Marc Alcaraz, en La Vanguardia de Barcelona, nos trae a cuento el despertar de este fenómeno: “Uno de los primeros casos masivos de consumo de nostalgia llegó hace unos años con el juego de realidad aumentada basada en Pokémon y su ecosistema. Pokémon Go daba una nueva vida a lo que en su nacimiento era un producto terrenal, apoyado en cromos coleccionables. Con Pokémon Go miles de aficionados se lanzaron a las calles de grandes ciudades en busca de personajes virtuales solo visibles a través del teléfono móvil. Para The New York Times, fue «el primer producto de nostalgia de consumo masivo» de la generación de los millennials”.

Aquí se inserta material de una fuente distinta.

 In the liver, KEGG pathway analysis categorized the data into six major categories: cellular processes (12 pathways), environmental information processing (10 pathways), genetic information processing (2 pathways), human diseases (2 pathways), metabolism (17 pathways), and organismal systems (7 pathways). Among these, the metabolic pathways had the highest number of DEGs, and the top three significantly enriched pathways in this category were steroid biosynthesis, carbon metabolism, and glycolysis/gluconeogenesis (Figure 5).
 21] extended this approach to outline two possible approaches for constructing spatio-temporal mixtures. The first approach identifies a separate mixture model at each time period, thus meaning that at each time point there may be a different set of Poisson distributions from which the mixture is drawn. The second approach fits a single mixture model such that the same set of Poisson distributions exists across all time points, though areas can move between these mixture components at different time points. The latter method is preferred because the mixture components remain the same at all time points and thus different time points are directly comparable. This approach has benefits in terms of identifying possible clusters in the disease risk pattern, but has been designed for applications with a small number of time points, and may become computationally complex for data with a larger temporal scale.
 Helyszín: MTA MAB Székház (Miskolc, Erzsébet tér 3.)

Pues bien, la venta de nostalgia no se ha masificado entre la migración, al menos en Madrid, (a excepción de restaurantes y panaderías de origen latino, africano o Europa del Este). Podría haber dado buenos resultados abrir cineclubes para proyectar las películas que hicieron parte de otras épocas y otros rumbos. Distribuir a un León Gieco, a un Silvio Rodríguez, a los Parra, a una Sonora Matancera o un Julio Jaramillo como economía de subsistencia o como empresa para grandes consumidores. Pero las cosas han cambiado. Hoy hay una segunda generación de migrantes que ya no les apuestan a estos negocios porque esta clase de nostalgia ya no les pertenece.

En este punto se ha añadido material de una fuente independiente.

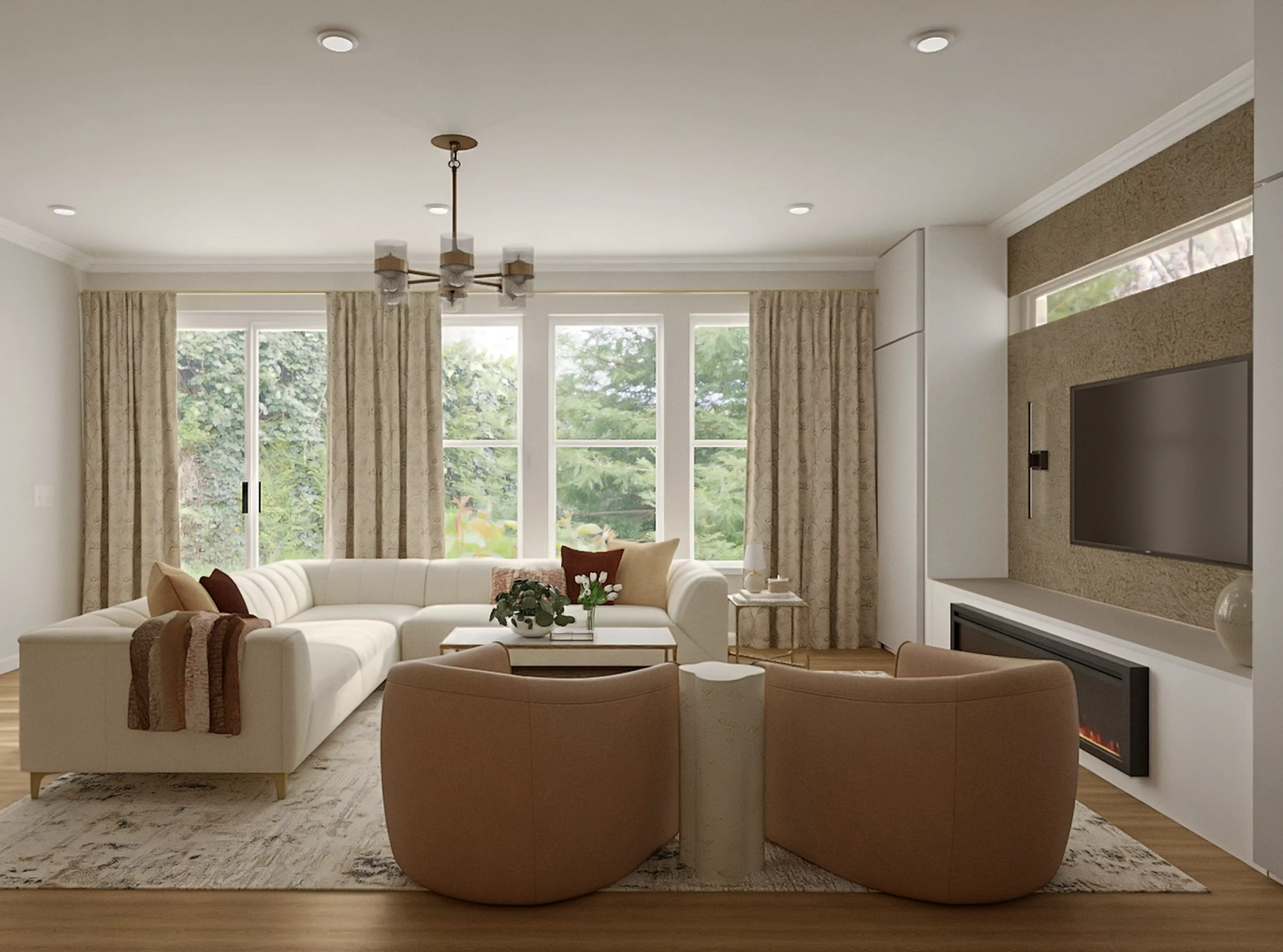 To brighten the design, modern chandeliers and lamps were added to the room. Discover Lighting design inspiration on Havenly.

Marc Alcaraz, sin embargo, piensa que “con el aumento de la longevidad, el marketing de la nostalgia tiene más mercado. Su razón de ser es conseguir que los consumidores volvamos a revivir experiencias y recordemos lugares, personas, objetos, animales o canciones que años atrás nos proporcionaron momentos de bienestar. Para las marcas es un camino muy interesante, ya que la nostalgia consigue una conexión emocional con el cliente y ese es un enlace muy fuerte entre marca y consumidor”.

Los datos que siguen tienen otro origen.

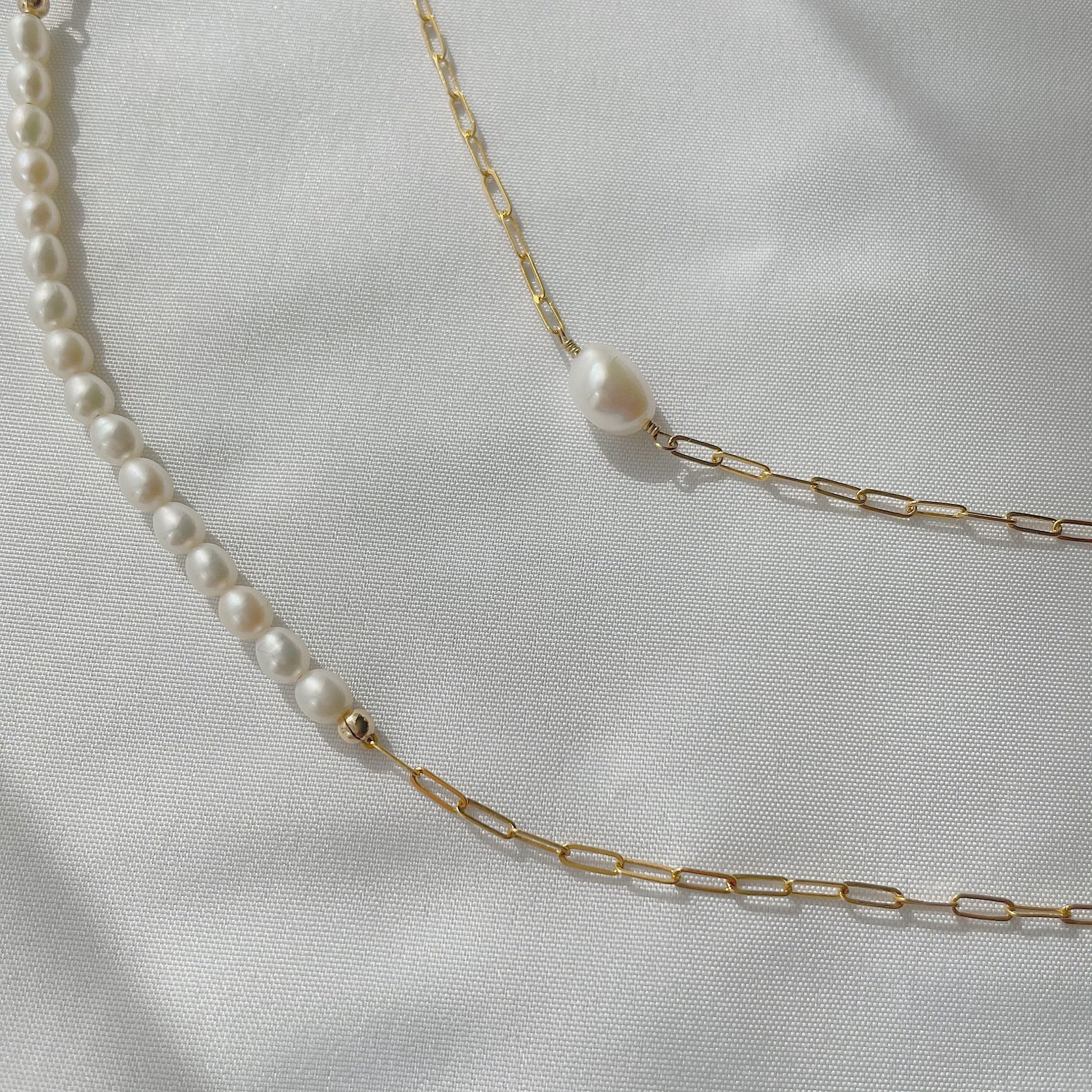 Pearl-Nature shiny freshwater pearls, shape varies for each chocker.
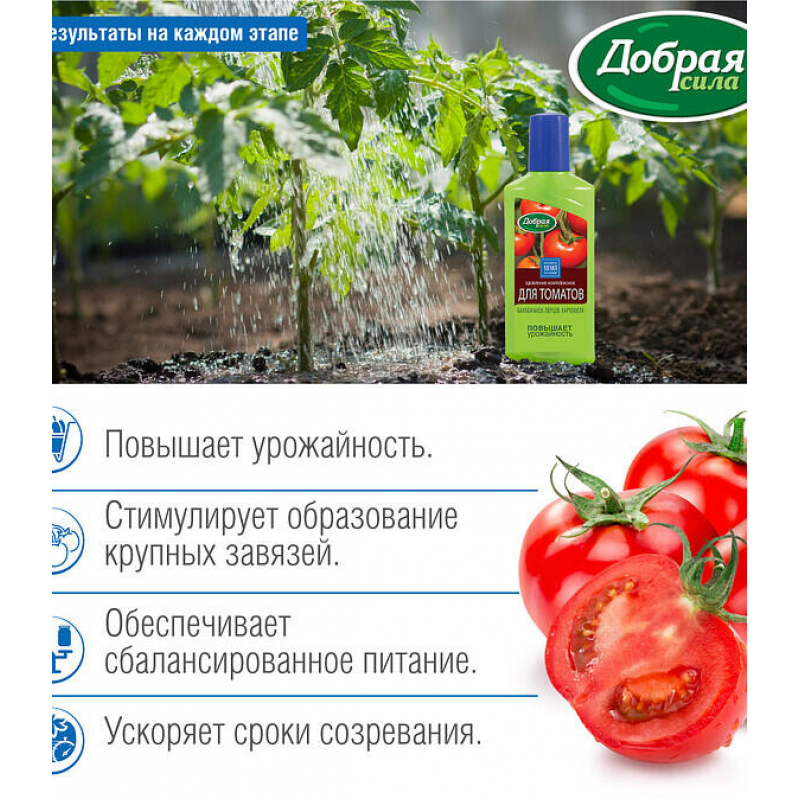 Удобрение ДОБРАЯ СИЛА — это органоминеральный водный концентрат, специально разработанный для полноценного питания пасленовых культур: томатов, баклажанов и перцев. Содержит сбалансированный комплекс NPK (3% азота, 2,5% фосфора, 6% калия), гумат (0,3%) и семь важнейших микроэлементов (бор, железо, марганец, цинк, медь, молибден, кобальт). Это обеспечивает растения всем необходимым для активного роста, укрепления корневой системы, обильного цветения и формирования крупных, качественных плодов. Удобрение способствует повышению урожайности и устойчивости растений к неблагоприятным условиям. Произведено в России, фасовка — 250 мл.

Yo me imagino a Pablo Neruda pasando frente a una panadería en París cuyo olor lo hacía llorar a gritos. O a César Vallejo velándose, también en París, de cuyo acontecimiento ya tenía el recuerdo: la nostalgia de haber vivido su propia muerte. Y a Albert Camus sentado en una mesa con la nostalgia de las pestes medievales en las cuales ya estaba implícita la peste de hoy, y la peste del insomnio de Macondo y el olor a naturaleza podrida de las tierras bajas colombianas. Es la nostalgia, no como negocio, sino como fuente de creación, de poesía, de teatro, de música, la que a mí me despierta a la vida.
En todo caso, cuando ya se pierda toda iniciativa de supervivencia en la diáspora migratoria, no hay que olvidar que la nostalgia es una fuente de vida a la cual se puede acudir para montar un restaurante, un local de productos de su país de origen o una taberna donde saborear un buen licor nacional y escuchar las canciones de nuestros mejores tiempos. Incluso, ya sea como negocio o como ejercicio mental, la nostalgia también funciona como terapia para analizar qué ha fallado, qué pena, qué silencio, qué abandono, qué infinita tristeza, qué orgullo o pretexto nos ha traído hasta el momento presente y cómo podemos aprovechar la nostalgia para mejorar el futuro.